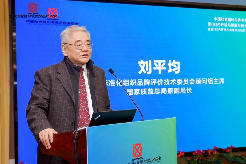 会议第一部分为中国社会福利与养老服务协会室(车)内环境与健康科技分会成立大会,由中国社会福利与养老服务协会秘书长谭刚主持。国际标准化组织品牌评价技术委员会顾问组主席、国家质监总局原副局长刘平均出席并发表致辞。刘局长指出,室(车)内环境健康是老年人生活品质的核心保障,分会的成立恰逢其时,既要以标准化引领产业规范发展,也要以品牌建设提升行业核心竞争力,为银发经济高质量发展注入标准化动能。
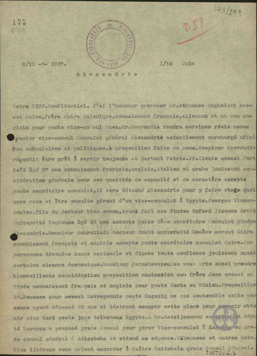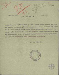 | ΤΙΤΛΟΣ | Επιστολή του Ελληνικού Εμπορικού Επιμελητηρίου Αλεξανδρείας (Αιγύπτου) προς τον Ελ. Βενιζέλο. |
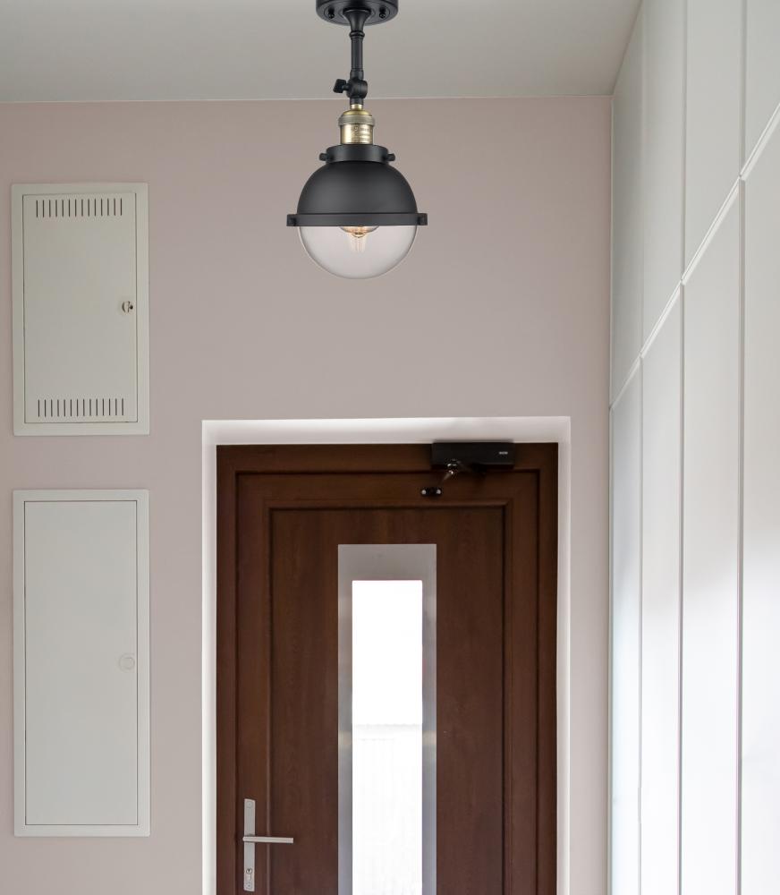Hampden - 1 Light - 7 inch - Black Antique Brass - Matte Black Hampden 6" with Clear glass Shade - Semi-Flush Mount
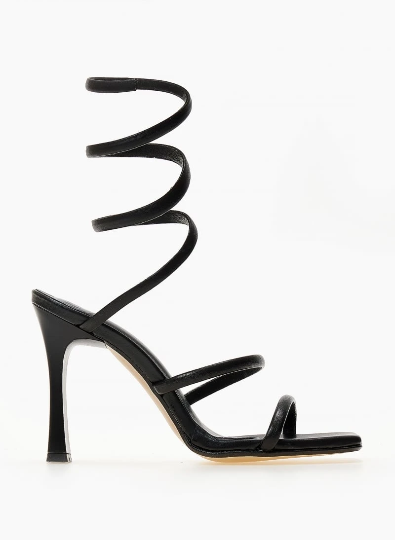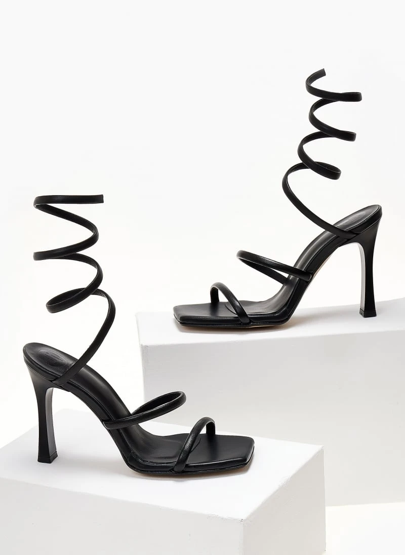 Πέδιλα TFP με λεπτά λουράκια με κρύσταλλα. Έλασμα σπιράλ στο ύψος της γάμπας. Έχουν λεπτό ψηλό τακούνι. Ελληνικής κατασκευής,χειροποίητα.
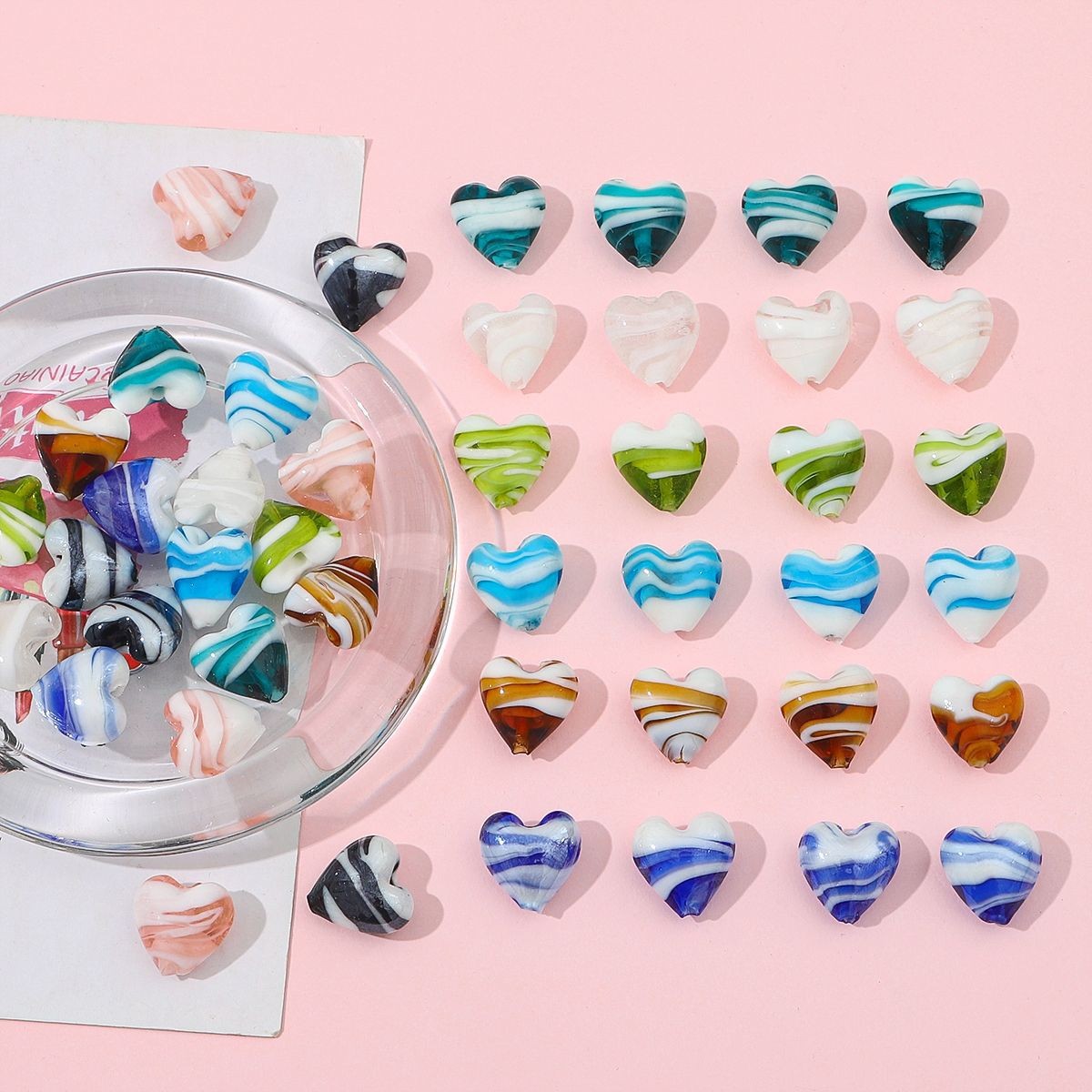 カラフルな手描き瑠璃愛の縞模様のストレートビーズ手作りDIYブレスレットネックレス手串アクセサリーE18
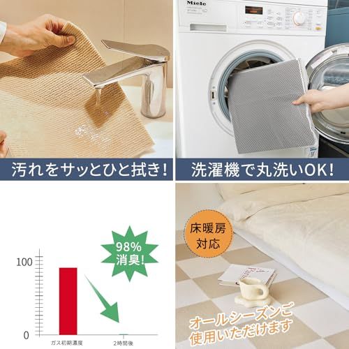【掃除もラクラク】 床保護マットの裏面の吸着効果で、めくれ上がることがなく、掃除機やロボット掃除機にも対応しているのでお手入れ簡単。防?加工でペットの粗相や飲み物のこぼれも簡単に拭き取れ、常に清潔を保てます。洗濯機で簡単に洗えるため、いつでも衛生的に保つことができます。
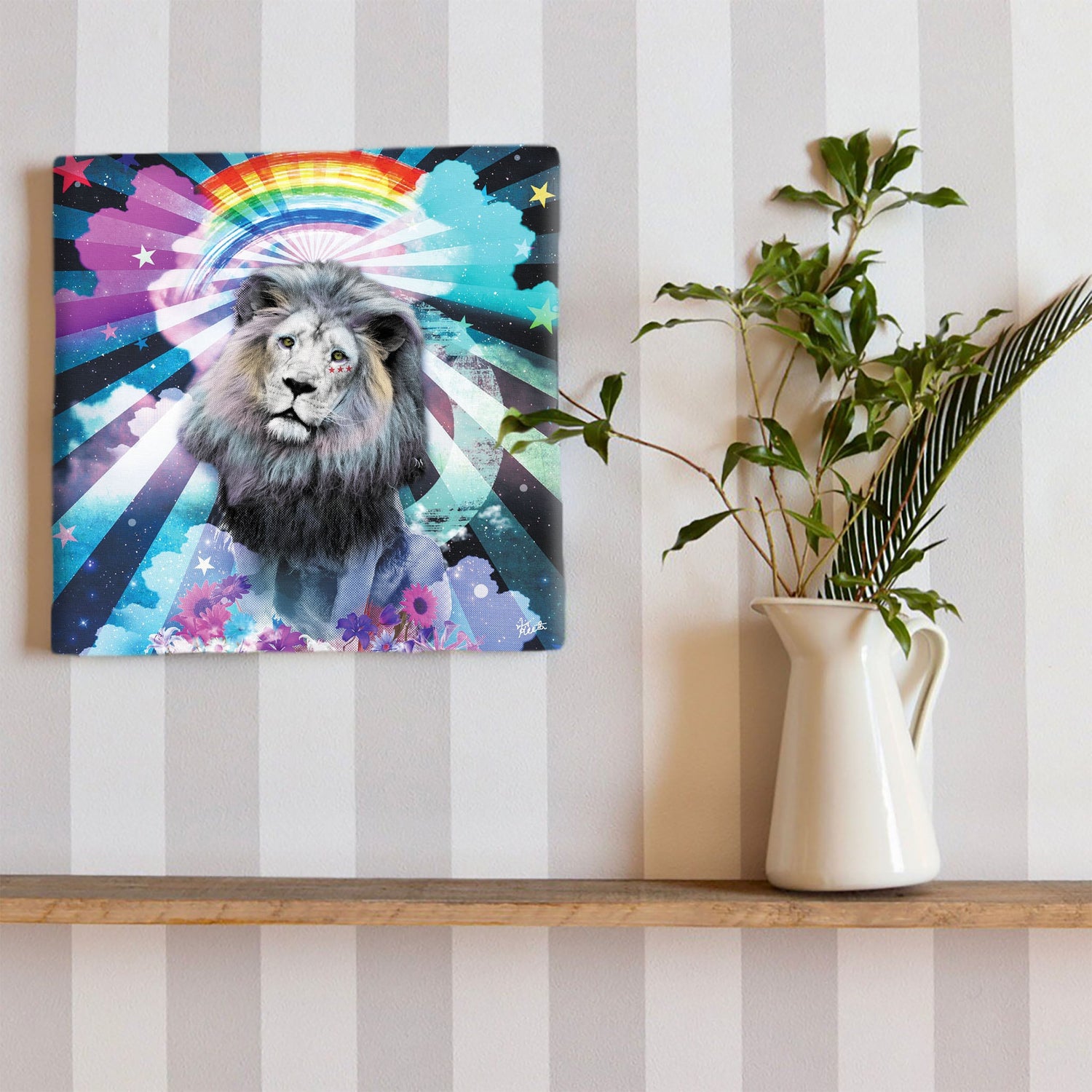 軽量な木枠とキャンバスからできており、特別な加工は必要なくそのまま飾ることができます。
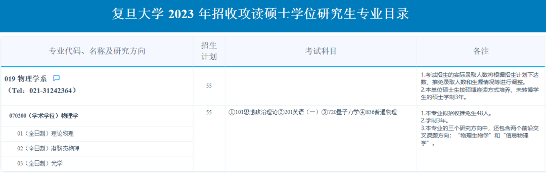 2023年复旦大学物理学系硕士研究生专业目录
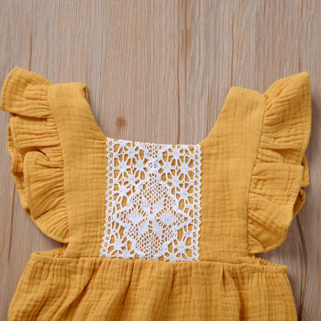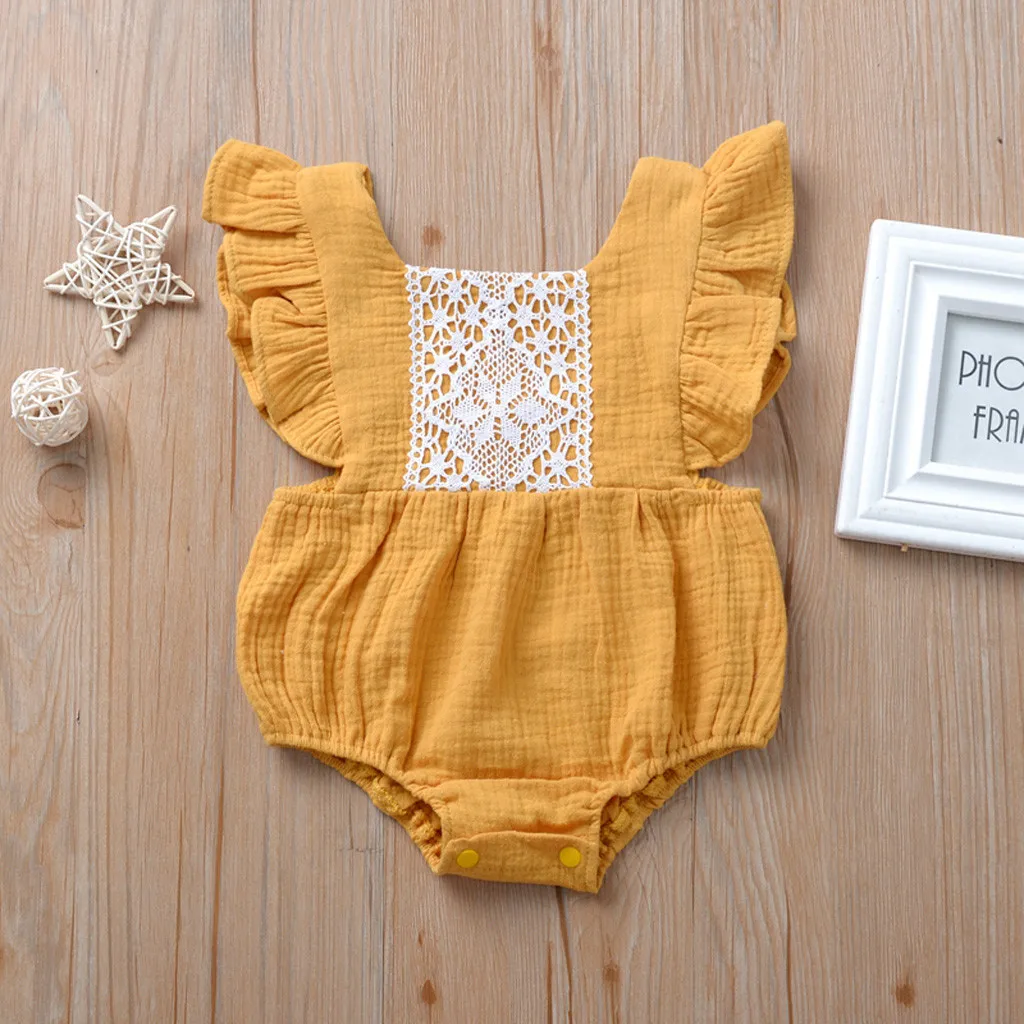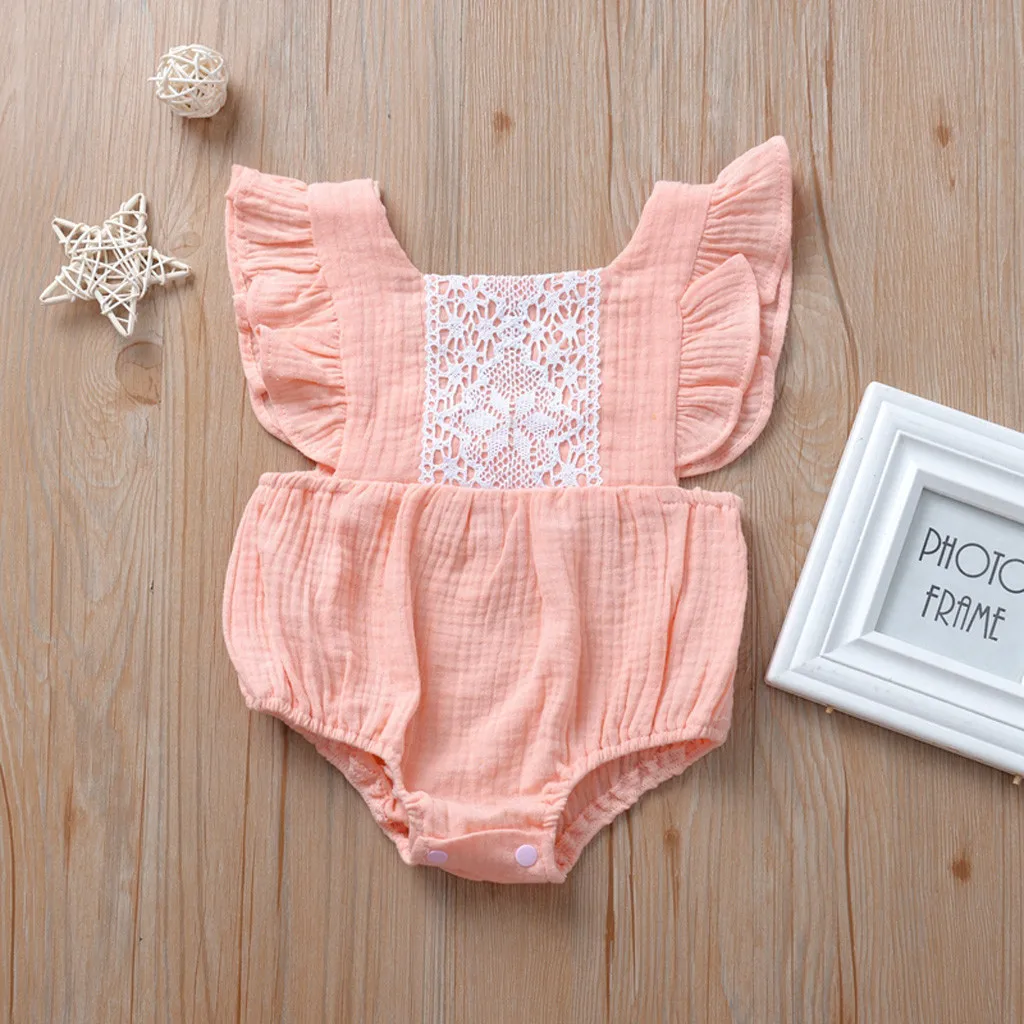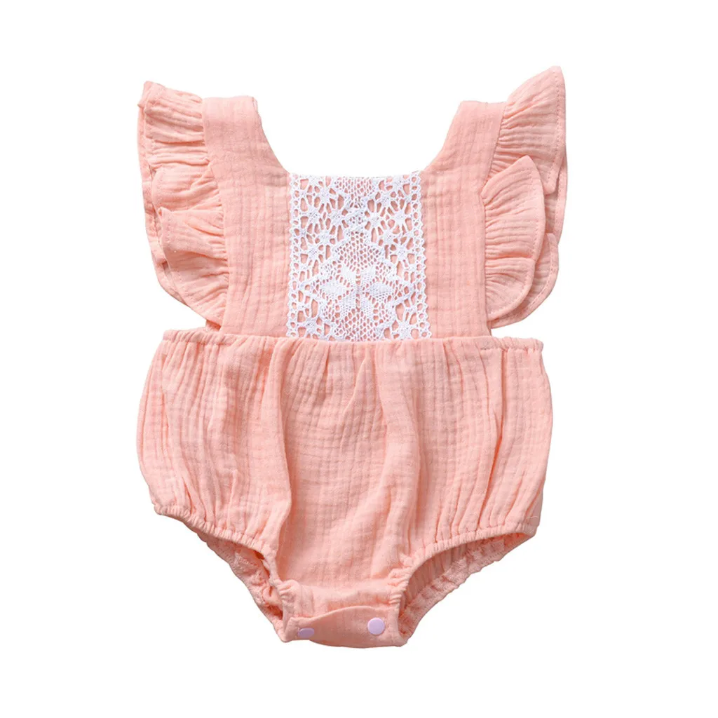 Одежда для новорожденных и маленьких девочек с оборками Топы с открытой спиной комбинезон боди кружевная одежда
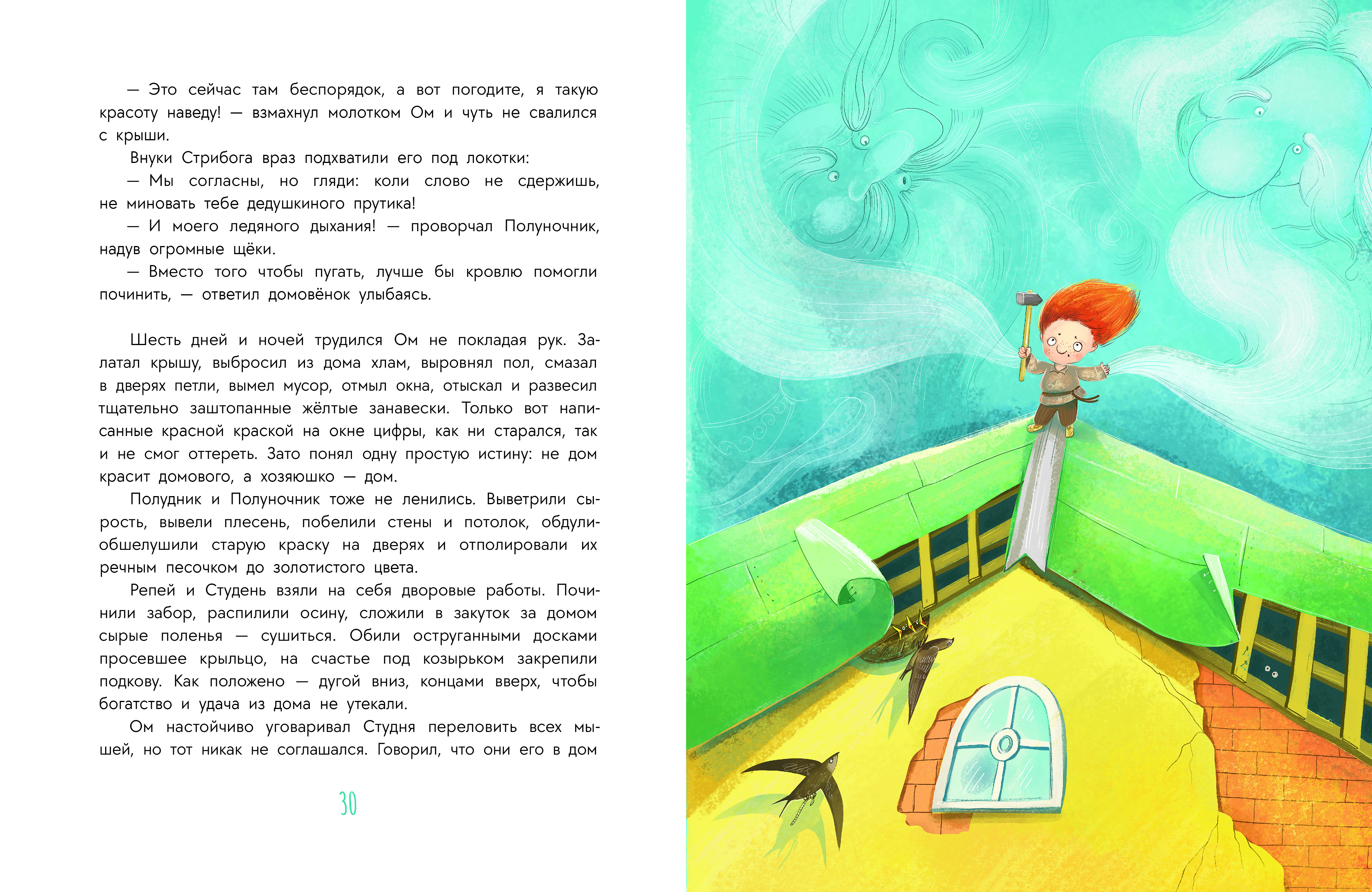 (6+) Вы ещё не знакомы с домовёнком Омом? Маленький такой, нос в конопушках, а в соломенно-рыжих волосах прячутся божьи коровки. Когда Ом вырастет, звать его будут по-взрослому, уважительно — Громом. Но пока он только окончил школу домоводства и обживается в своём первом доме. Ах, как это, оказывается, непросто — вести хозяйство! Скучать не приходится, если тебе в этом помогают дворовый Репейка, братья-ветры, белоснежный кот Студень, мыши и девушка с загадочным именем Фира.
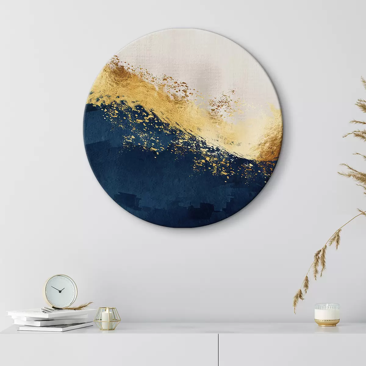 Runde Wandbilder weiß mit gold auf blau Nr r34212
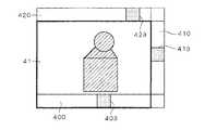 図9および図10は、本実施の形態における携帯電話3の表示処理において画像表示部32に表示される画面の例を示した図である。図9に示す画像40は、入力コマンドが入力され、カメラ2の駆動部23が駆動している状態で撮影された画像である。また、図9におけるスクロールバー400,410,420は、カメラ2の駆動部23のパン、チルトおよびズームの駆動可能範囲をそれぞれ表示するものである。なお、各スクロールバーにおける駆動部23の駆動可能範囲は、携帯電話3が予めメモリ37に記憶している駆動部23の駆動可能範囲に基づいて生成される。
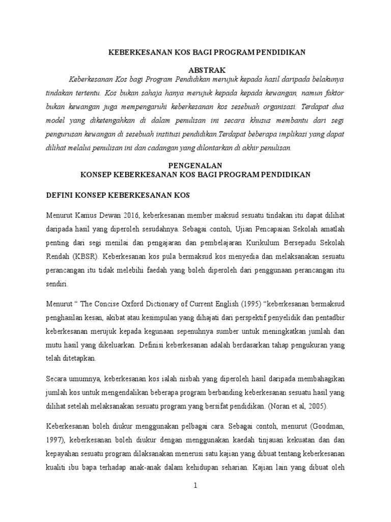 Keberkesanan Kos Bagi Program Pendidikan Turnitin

### What you should do
Give back each line above verbatim, dropping every picture.

### Reply to the task
 会议第一部分为中国社会福利与养老服务协会室(车)内环境与健康科技分会成立大会,由中国社会福利与养老服务协会秘书长谭刚主持。国际标准化组织品牌评价技术委员会顾问组主席、国家质监总局原副局长刘平均出席并发表致辞。刘局长指出,室(车)内环境健康是老年人生活品质的核心保障,分会的成立恰逢其时,既要以标准化引领产业规范发展,也要以品牌建设提升行业核心竞争力,为银发经济高质量发展注入标准化动能。
 | ΤΙΤΛΟΣ | Επιστολή του Ελληνικού Εμπορικού Επιμελητηρίου Αλεξανδρείας (Αιγύπτου) προς τον Ελ. Βενιζέλο. |
Hampden - 1 Light - 7 inch - Black Antique Brass - Matte Black Hampden 6" with Clear glass Shade - Semi-Flush Mount
 Πέδιλα TFP με λεπτά λουράκια με κρύσταλλα. Έλασμα σπιράλ στο ύψος της γάμπας. Έχουν λεπτό ψηλό τακούνι. Ελληνικής κατασκευής,χειροποίητα.
 カラフルな手描き瑠璃愛の縞模様のストレートビーズ手作りDIYブレスレットネックレス手串アクセサリーE18
【掃除もラクラク】 床保護マットの裏面の吸着効果で、めくれ上がることがなく、掃除機やロボット掃除機にも対応しているのでお手入れ簡単。防?加工でペットの粗相や飲み物のこぼれも簡単に拭き取れ、常に清潔を保てます。洗濯機で簡単に洗えるため、いつでも衛生的に保つことができます。
 軽量な木枠とキャンバスからできており、特別な加工は必要なくそのまま飾ることができます。
 2023年复旦大学物理学系硕士研究生专业目录
 Одежда для новорожденных и маленьких девочек с оборками Топы с открытой спиной комбинезон боди кружевная одежда
 (6+) Вы ещё не знакомы с домовёнком Омом? Маленький такой, нос в конопушках, а в соломенно-рыжих волосах прячутся божьи коровки. Когда Ом вырастет, звать его будут по-взрослому, уважительно — Громом. Но пока он только окончил школу домоводства и обживается в своём первом доме. Ах, как это, оказывается, непросто — вести хозяйство! Скучать не приходится, если тебе в этом помогают дворовый Репейка, братья-ветры, белоснежный кот Студень, мыши и девушка с загадочным именем Фира.
 Runde Wandbilder weiß mit gold auf blau Nr r34212
 図9および図10は、本実施の形態における携帯電話3の表示処理において画像表示部32に表示される画面の例を示した図である。図9に示す画像40は、入力コマンドが入力され、カメラ2の駆動部23が駆動している状態で撮影された画像である。また、図9におけるスクロールバー400,410,420は、カメラ2の駆動部23のパン、チルトおよびズームの駆動可能範囲をそれぞれ表示するものである。なお、各スクロールバーにおける駆動部23の駆動可能範囲は、携帯電話3が予めメモリ37に記憶している駆動部23の駆動可能範囲に基づいて生成される。
 Keberkesanan Kos Bagi Program Pendidikan Turnitin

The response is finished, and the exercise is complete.